- Problem -
Word for word, copy the lines beginning at the one with "ХОЧУ ЗНАТЬ ВСЁ О" and ending at the last line below; pictures stay out.

- Data for analysis -
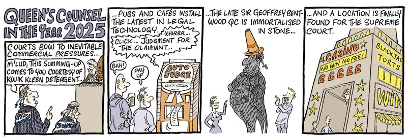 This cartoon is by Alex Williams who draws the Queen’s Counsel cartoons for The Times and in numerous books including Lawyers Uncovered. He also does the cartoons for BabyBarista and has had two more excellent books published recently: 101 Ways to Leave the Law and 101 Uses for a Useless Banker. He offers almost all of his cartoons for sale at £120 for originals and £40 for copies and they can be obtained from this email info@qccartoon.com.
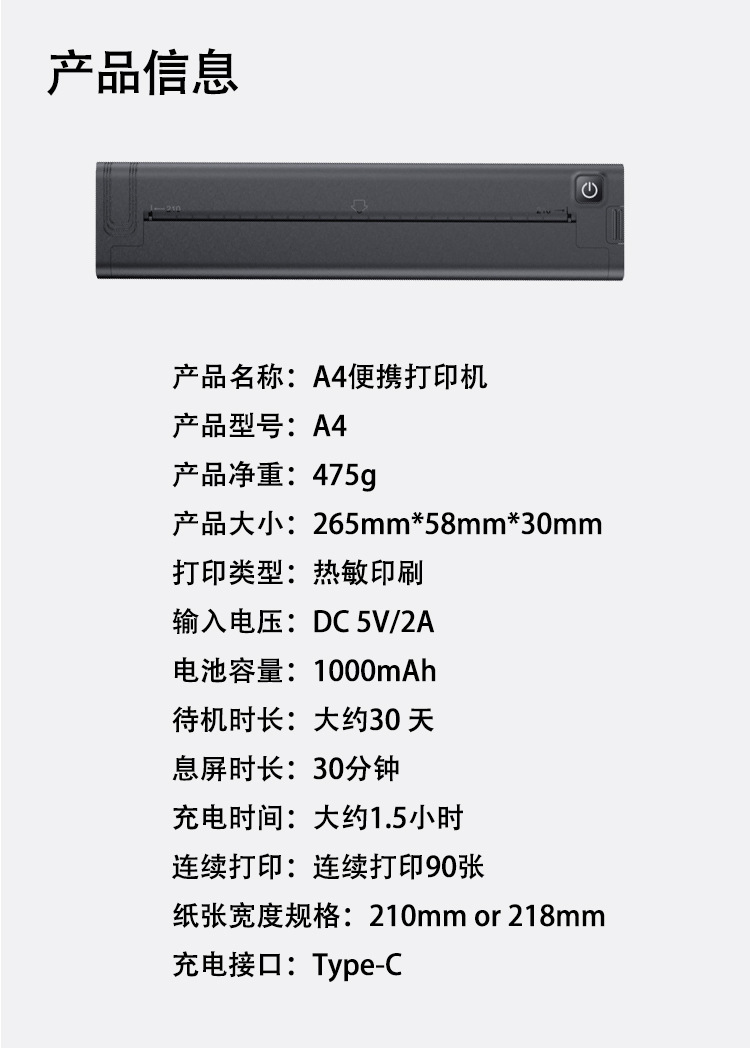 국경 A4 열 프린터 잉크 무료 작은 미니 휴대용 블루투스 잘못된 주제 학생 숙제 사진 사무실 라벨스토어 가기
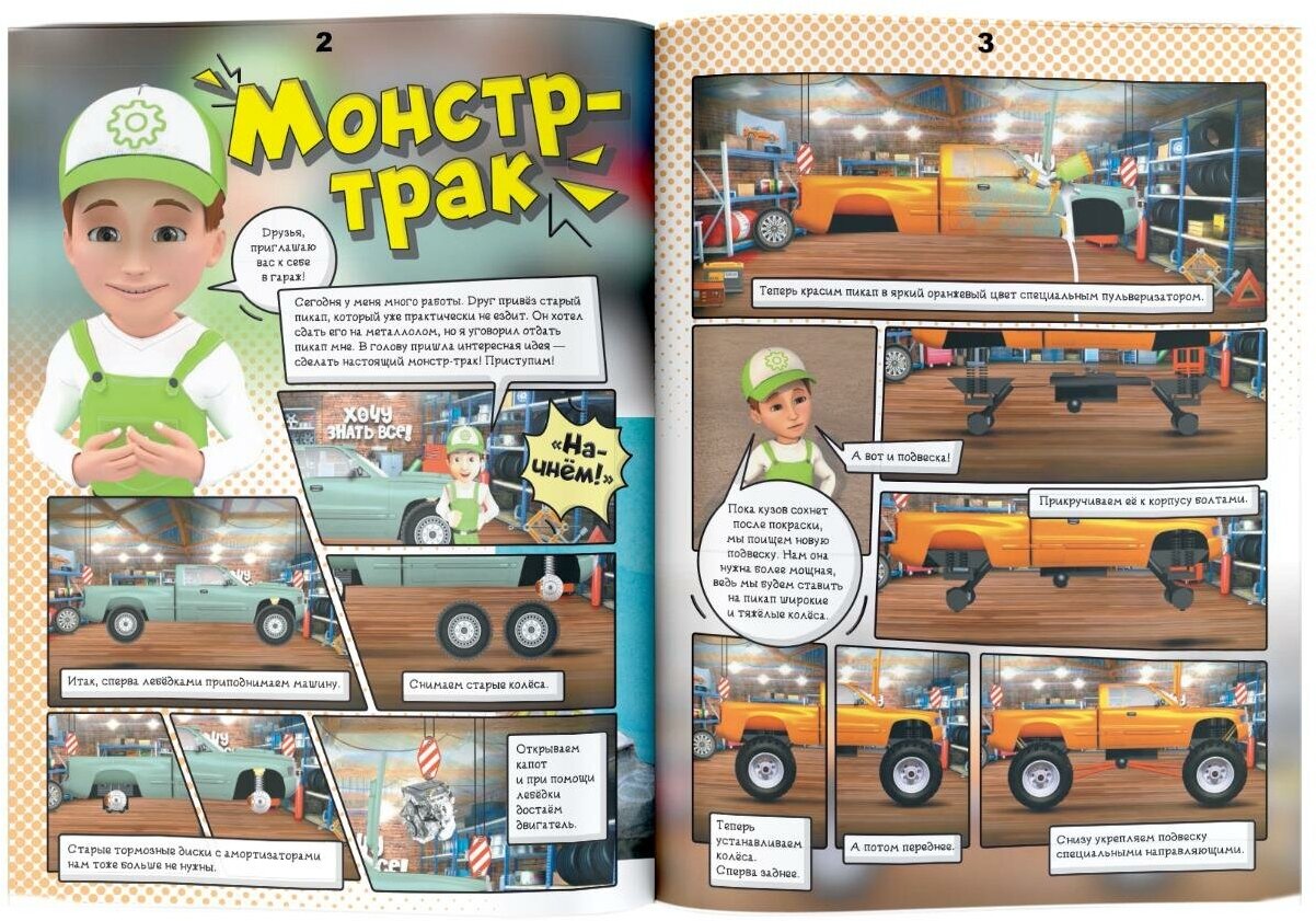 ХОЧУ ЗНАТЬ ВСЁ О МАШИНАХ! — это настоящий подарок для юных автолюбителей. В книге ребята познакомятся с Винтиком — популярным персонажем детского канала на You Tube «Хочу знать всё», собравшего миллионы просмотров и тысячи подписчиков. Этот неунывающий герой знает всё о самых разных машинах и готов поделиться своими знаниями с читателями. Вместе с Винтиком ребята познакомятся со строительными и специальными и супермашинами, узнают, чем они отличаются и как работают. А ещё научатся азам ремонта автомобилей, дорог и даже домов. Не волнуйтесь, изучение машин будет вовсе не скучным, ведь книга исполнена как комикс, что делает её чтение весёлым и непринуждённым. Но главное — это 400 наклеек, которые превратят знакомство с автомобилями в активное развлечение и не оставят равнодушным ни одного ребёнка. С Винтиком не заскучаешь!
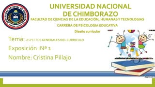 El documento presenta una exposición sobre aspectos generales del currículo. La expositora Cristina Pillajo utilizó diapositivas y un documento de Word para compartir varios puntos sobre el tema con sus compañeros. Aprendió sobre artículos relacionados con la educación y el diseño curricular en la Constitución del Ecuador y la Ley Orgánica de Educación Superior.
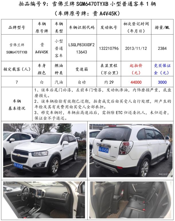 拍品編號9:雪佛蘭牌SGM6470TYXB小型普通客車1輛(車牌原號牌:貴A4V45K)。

- Solution to this exercise -
 ХОЧУ ЗНАТЬ ВСЁ О МАШИНАХ! — это настоящий подарок для юных автолюбителей. В книге ребята познакомятся с Винтиком — популярным персонажем детского канала на You Tube «Хочу знать всё», собравшего миллионы просмотров и тысячи подписчиков. Этот неунывающий герой знает всё о самых разных машинах и готов поделиться своими знаниями с читателями. Вместе с Винтиком ребята познакомятся со строительными и специальными и супермашинами, узнают, чем они отличаются и как работают. А ещё научатся азам ремонта автомобилей, дорог и даже домов. Не волнуйтесь, изучение машин будет вовсе не скучным, ведь книга исполнена как комикс, что делает её чтение весёлым и непринуждённым. Но главное — это 400 наклеек, которые превратят знакомство с автомобилями в активное развлечение и не оставят равнодушным ни одного ребёнка. С Винтиком не заскучаешь!
 El documento presenta una exposición sobre aspectos generales del currículo. La expositora Cristina Pillajo utilizó diapositivas y un documento de Word para compartir varios puntos sobre el tema con sus compañeros. Aprendió sobre artículos relacionados con la educación y el diseño curricular en la Constitución del Ecuador y la Ley Orgánica de Educación Superior.
 拍品編號9:雪佛蘭牌SGM6470TYXB小型普通客車1輛(車牌原號牌:貴A4V45K)。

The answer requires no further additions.